Diego se limpió la bota en el tallo de un helecho. Aparentemente los excrementos se componían de motas claras de heno y una masa verde. La materia, seca y vieja, pesaba poco y se desmenuzaba fácilmente. No desprendía olor.
Levine rastreó el suelo hasta dar con el resto de la excreción. Eran heces bien formadas, de unos doce centímetros de diámetro. Sin duda procedían de un herbívoro de gran tamaño.
Diego guardaba silencio pero tenía los ojos muy abiertos. Levine movió la cabeza y siguió adelante. En tanto apareciesen sólo indicios de herbívoros no había por qué preocuparse. Al menos, no demasiado. De todos modos, acarició la culata de la pistola con los dedos como para darse confianza.
Llegaron a un arroyo de márgenes lodosas. Levine se detuvo. Nítidamente marcadas en el barro advirtió unas huellas de tres dedos, algunas muy grandes. La palma de su mano extendida cabía holgadamente en una de las huellas.
Cuando Levine levantó la vista, Diego volvía a santiguarse. En la otra mano sostenía el rifle.

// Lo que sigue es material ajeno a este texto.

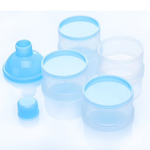 Use the funnel cap to put all the powder in one case without spilling! After reaching weaving stage, cases can be separated for independent use and for whole food storage with the separating mid-caps. Container holds enough powder for three separate feedings and works well for outdoor/nighttime nursing.Note:Since the size above is measured by hand, the size of the actual item you received could be slightly different from the size above. Meanwhile, please be reminded that due to lighting effects, monitor's brightness / contrast settings etc, there could be some slight differences in the color tone of the pictures and the actual item.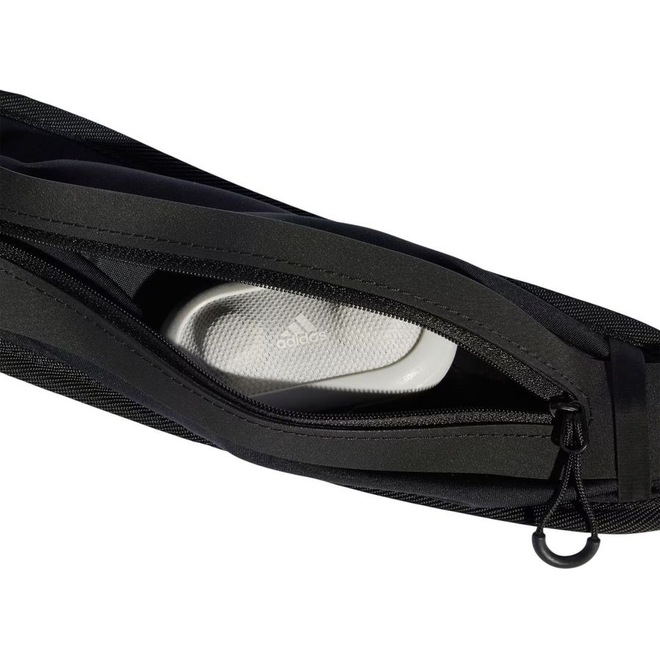 Nome: Pochete Adidas Suporte Corrida Gênero: Unissex Características: Compartimento para garrafa de água Composição: 79% poliéster reciclado, 21% elastano interlock Volume: 0,75 L Conteúdo da embalagem: 1 pochete Dimensões aproximadas: 6,5 cm x 45 cm x 15,5 cm Detalhes: Cinto ajustável com fecho de fivela Código do artigo: IT2060 Marca: Adidas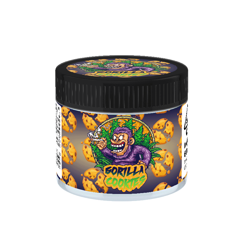 Labelled 3.5g Gorilla Cookies Glass Jars – This option ships Ready Made Gorilla Cookies 60ml labelled Cali Jars – ready to use upon arrival.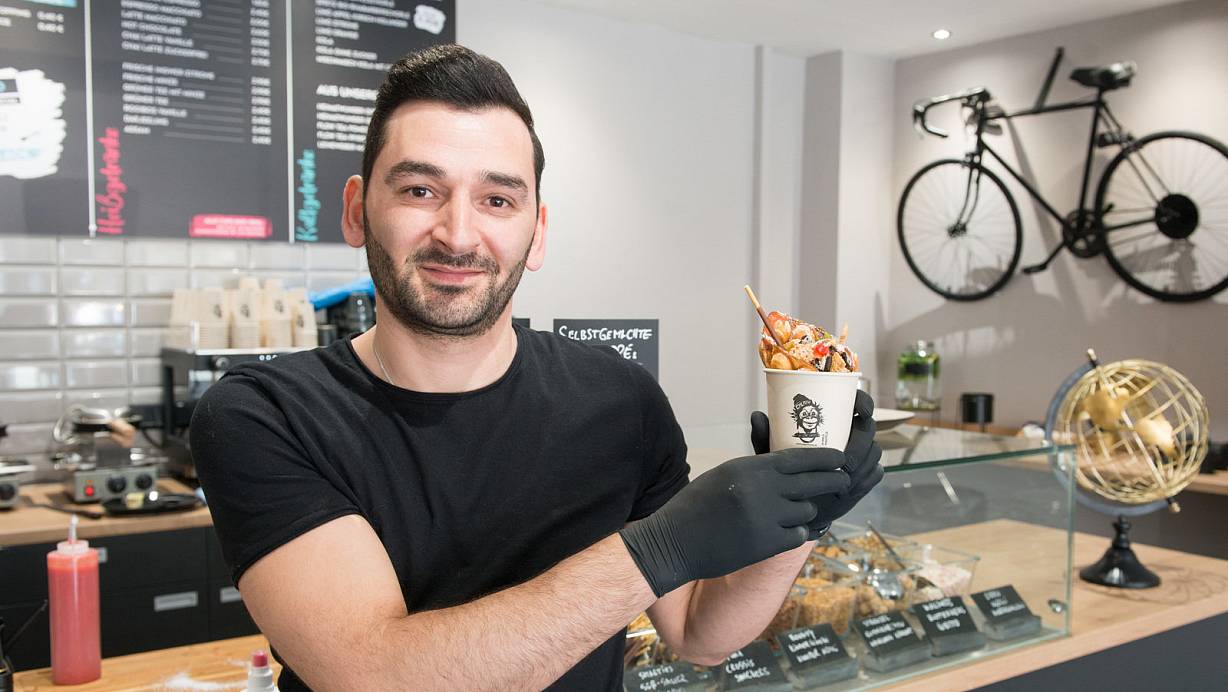 Gökay Celik, Inhaber der Yogurt-Bar Cheaty, zeigt eine seiner Bubble-Waffles, eine besonders lockere Waffelvariante mit Eis, Saucen und Toppings. | © Ralf Bittner

Permanecieron inmóviles junto al arroyo, escuchando el suave gorgoteo de la corriente. Un objeto que brillaba en el agua llamó la atención de Levine. Se agachó y lo tomó. Era un fragmento de un tubo de cristal poco mayor que un lápiz. Tenía un extremo roto. A un lado se veían aún las marcas de una escala de medición. Comprendió que se traba de una pipeta como las que se usan en cualquier laboratorio del mundo. Levine la alzó y la miró al trasluz, haciéndola girar entre los dedos. Aquello le extrañó. Una pipeta como aquella implicaba…
Levine giró y de reojo percibió un movimiento, algo pardo y pequeño que se escabullía por el lodo de la orilla. Algo del tamaño de una rata.
Diego emitió un bufido de sorpresa. El animal desapareció en la espesura.
Levine avanzó unos pasos y se puso en cuclillas junto al arroyo. Examinó el rastro dejado por el minúsculo animal. Las pisadas tenían tres dedos, igual que las huellas de un ave. Vio otras pisadas, algunas mucho mayores, de varios centímetros de ancho.
Levine ya había visto antes huellas semejantes en senderos como el del río Purgatoire, en Colorado, donde la antigua costa se había fosilizado y las pisadas de los dinosaurios se conservaban en la piedra. Pero las pisadas que tenía ante sus ojos en esos instantes estaban impresas en barro, y pertenecían a animales vivos.